Lack of hippocalcin causes impairment in Ras/extracellular signal-regulated kinase cascade via a Raf-mediated activation process

Abstract

Hippocalcin (Hpca) is a member of the neuronal calcium sensor protein family and is highly expressed in hippocampal neurons. Hpca‐deficient (Hpca^–/–^) mice display a defect in cAMP response element‐binding protein (CREB) activation associated with impaired spatial and associative memory. Here we examine the involvement of Hpca in the extracellular signal‐regulated kinase (ERK) cascade leading to CREB activation, because application of PD98059, a broad ERK cascade inhibitor, has resulted in similar levels of CREB activation in Hpca^–/–^ hippocampus. N‐methyl‐D‐aspartate (NMDA)‐ and KCl‐induced phosphorylation of ERK was significantly attenuated in Hpca^–/–^ hippocampal slices, as was ionomycin‐induced phosphorylation of ERK, whereas forskolin and 12‐O‐tetradecanoyl‐phorbol‐13‐acetate (TPA) stimulation yielded indistinguishable levels of ERK phosphorylation in both wild‐type and Hpca^–/–^ slices.
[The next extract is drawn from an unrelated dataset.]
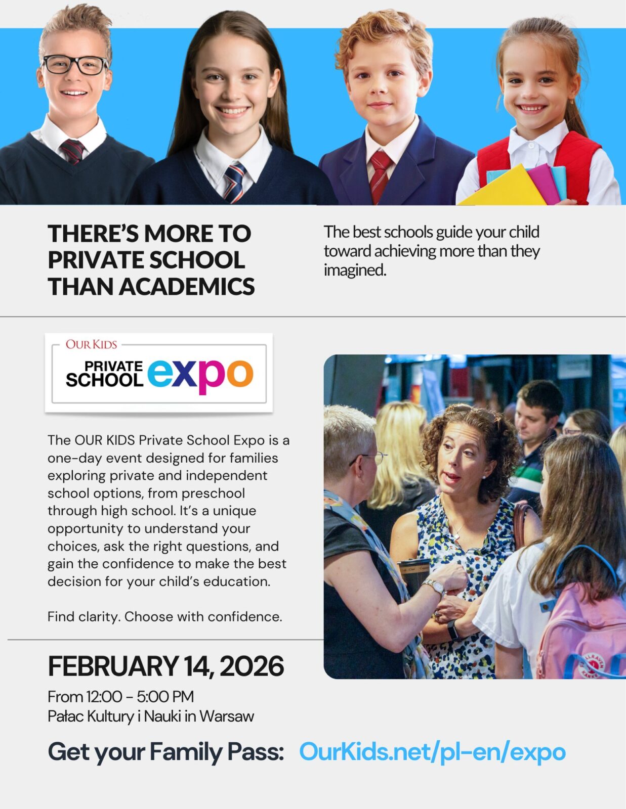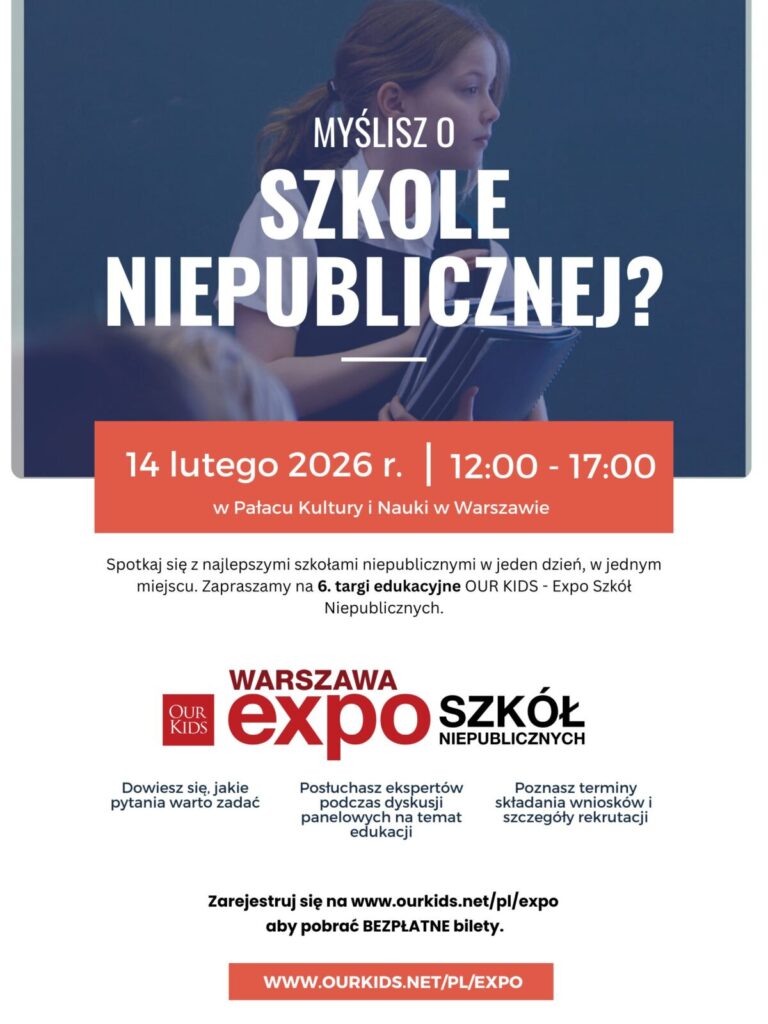 Już 14 lutego (w sobotę) w Pałacu Kultury i Nauki w Warszawie odbędą się 6. targi edukacyjne OUR KIDS – Expo Szkół Niepublicznych, w których również i my weźmiemy udział. Jeśli chcecie dowiedzieć się o nas czegoś więcej – zapraszamy. Do zobaczenia!

In an in vitro reconstitution assay system, recombinant Hpca affected neither Raf‐1 protein kinase activity with recombinant MEK‐1 as a substrate nor MEK‐1 kinase activity with ERK2 as a substrate. Activation of Ras by NMDA and KCl stimulation of hippocampal slices showed no obvious changes between the two genotypes; however, phosphorylation of Raf‐1 was significantly lower in Hpca^–/–^ slices. These results suggest that Hpca plays an important role in the activation of Raf conducted by Ras. © 2007 Wiley‐Liss, Inc.